**What the exercise asks**
Please retype, word for word, the line containing "Niagara Men's Tour" and every line after it through the end of the records, leaving out all pictures.

**Supplied material**
—————

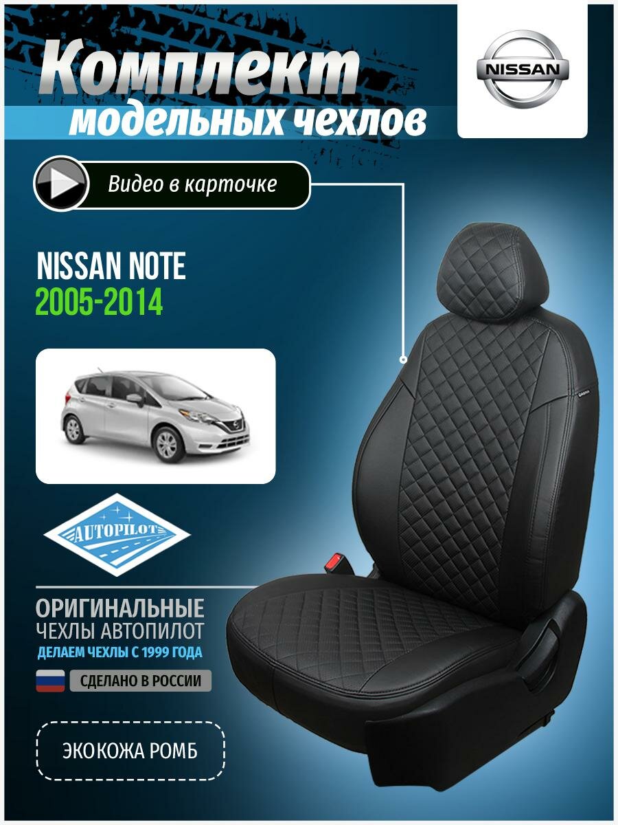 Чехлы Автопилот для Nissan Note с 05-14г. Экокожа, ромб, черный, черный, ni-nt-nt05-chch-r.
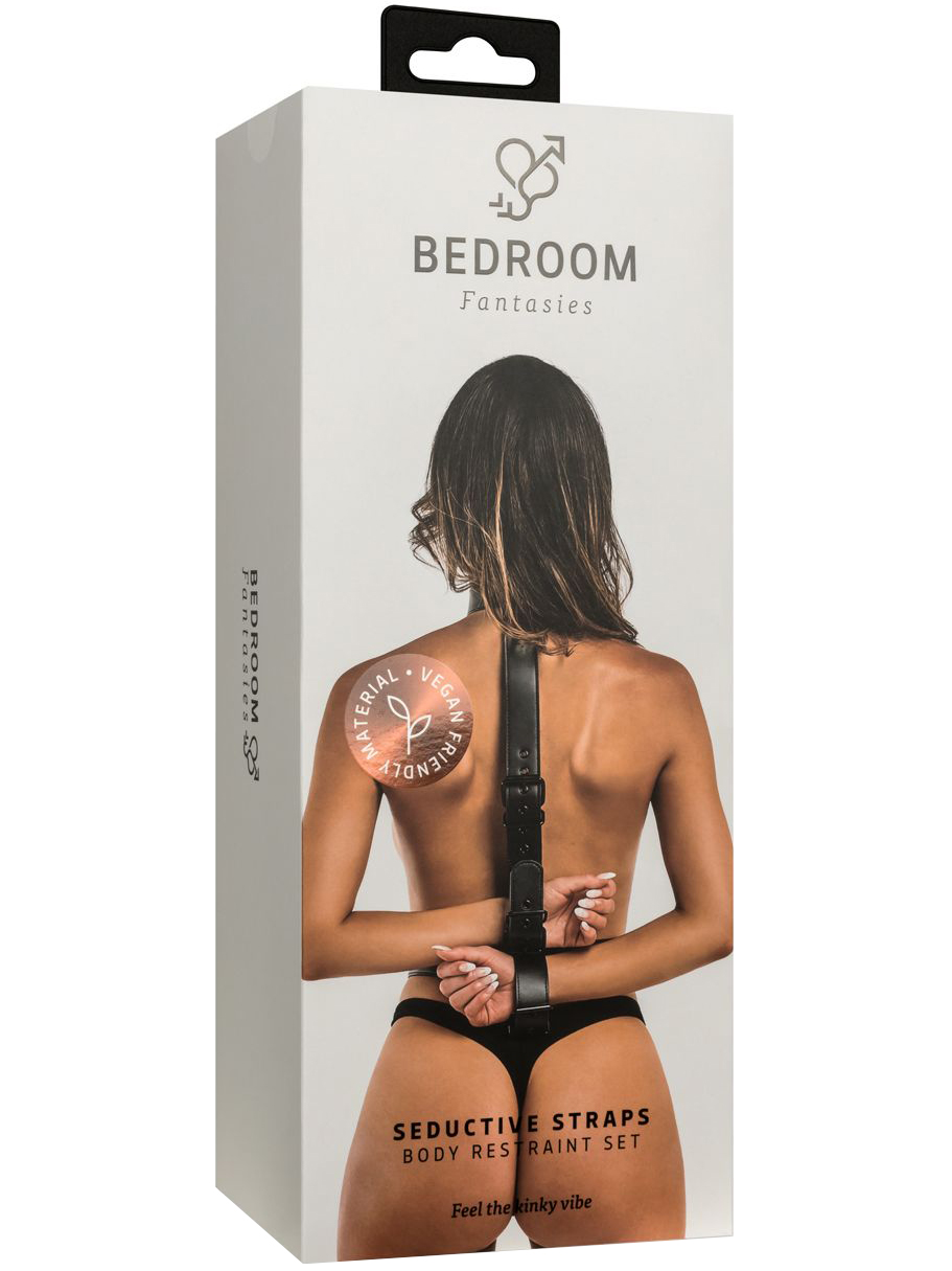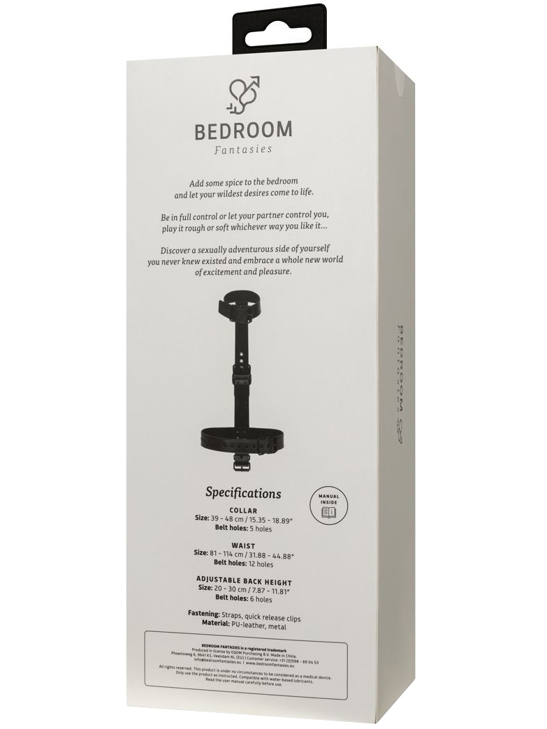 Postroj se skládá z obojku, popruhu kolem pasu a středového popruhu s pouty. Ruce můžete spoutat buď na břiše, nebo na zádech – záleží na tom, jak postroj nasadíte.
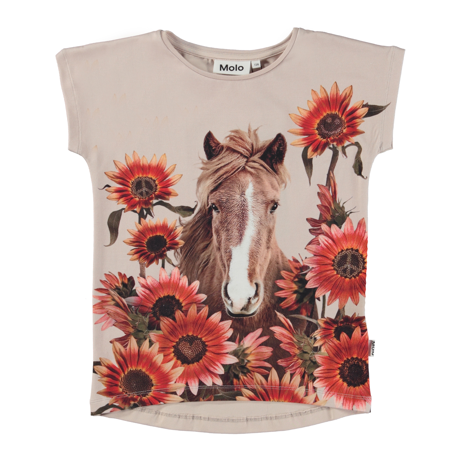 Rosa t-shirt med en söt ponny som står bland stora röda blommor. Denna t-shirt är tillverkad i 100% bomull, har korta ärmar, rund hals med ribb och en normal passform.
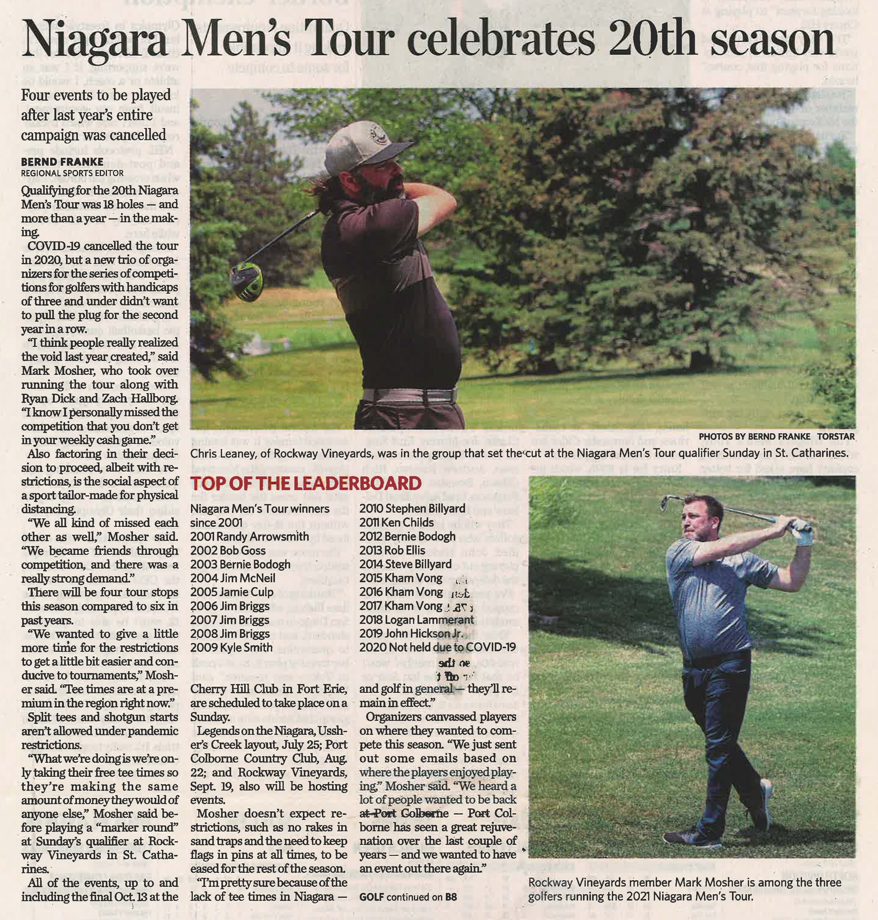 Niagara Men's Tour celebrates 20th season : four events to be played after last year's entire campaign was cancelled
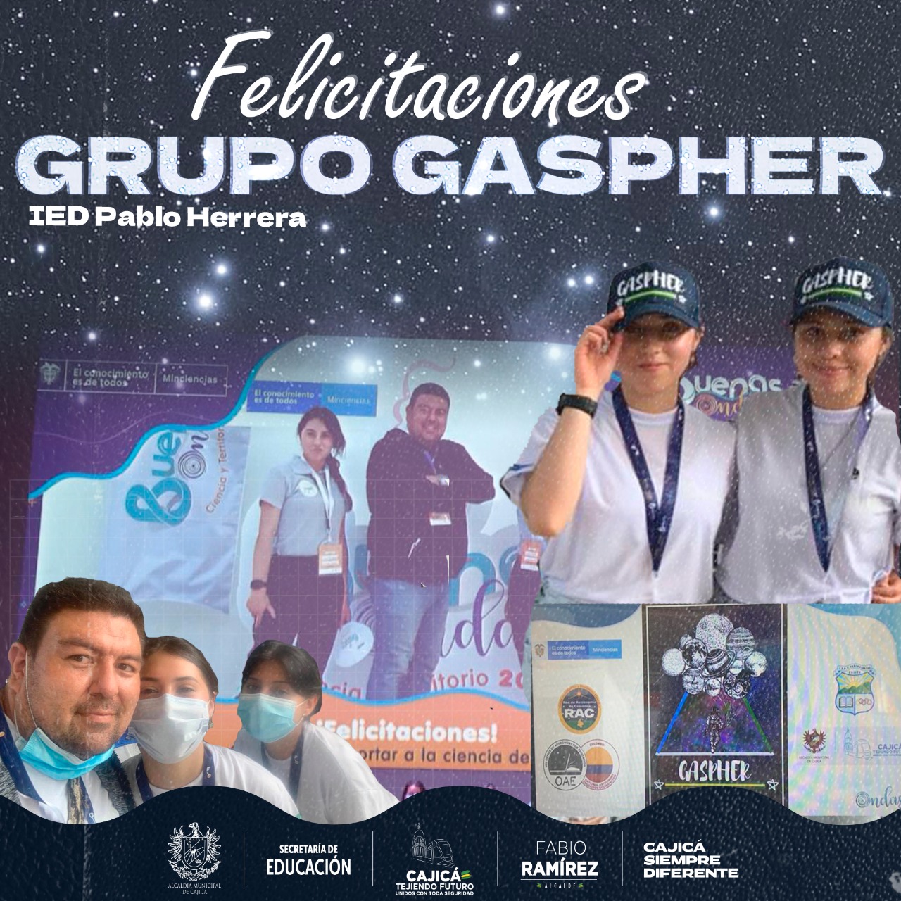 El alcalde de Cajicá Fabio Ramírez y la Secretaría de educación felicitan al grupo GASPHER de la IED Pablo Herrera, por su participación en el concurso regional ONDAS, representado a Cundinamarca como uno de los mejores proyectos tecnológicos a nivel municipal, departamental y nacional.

—————

**Task solution**
 Niagara Men's Tour celebrates 20th season : four events to be played after last year's entire campaign was cancelled
 El alcalde de Cajicá Fabio Ramírez y la Secretaría de educación felicitan al grupo GASPHER de la IED Pablo Herrera, por su participación en el concurso regional ONDAS, representado a Cundinamarca como uno de los mejores proyectos tecnológicos a nivel municipal, departamental y nacional.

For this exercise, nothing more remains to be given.